Trump’s childhood Bible will join several other Bibles used by American presidents that are currently on display at the privately-funded museum.
“We are honored to add this piece of our nation’s history to our growing exhibit of presidential Bibles,” Museum of the Bible President Cary Summers said in a statement. “It is our hope that guests will be able to learn not only about each president’s unique Bible, but also about the influence this book has had on government and elected officials around the world.”

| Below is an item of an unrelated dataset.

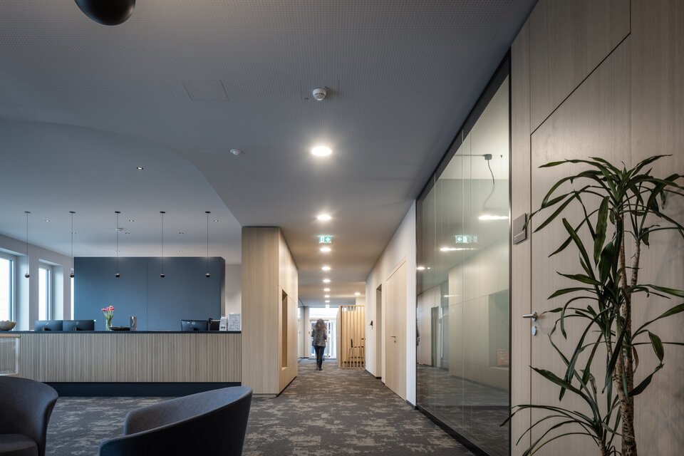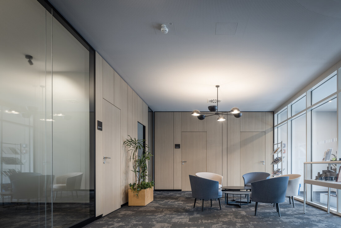 Die Lindner Life Stereo 125 Glastrennwände sorgen für eine helle, transparente Atmosphäre – ohne dabei auf effektiven Schallschutz zu verzichten. Ergänzend bringen Lindner Logic 100 Timber Holztrennwände eine warme, natürliche Eleganz in die Räume und fügen sich harmonisch in das moderne Design ein. Die HTB 68 und HTB 41 Türen mit Schalterpaneelen integrierten sich optisch perfekt in das Gesamtkonzept und bieten darüber hinaus komfortable Steuerungsmöglichkeiten für Licht und Technik.

The 45th president used the Revised Standard Version (RSV) Bible several times throughout the 2016 campaign and during his inauguration ceremony, where the Bible rested on top of President Abraham Lincoln’s Bible while he took the oath of office. The Lincoln Bible had been used for President Lincoln’s swearing-in ceremony in 1861.
Trump carried the Bible—which his mother Mary Anne gave to him—to his Sunday School classes at First Presbyterian Church in Queens, New York.
“My mother gave me this Bible, this very Bible, many years ago,” Trump said in a campaign video from Trump Tower. “In fact it’s her writing right here. She wrote the name and my address, and it’s just very special to me.”
The Museum of the Bible placed the president’s Bible alongside the Bibles of several other presidents—including Harry S. Truman, Dwight D. Eisenhower, George H.W. Bush, and George W. Bush—in the museum’s “Bible in the World” exhibit on the second floor.
The D.C.-based museum opened to the public in November.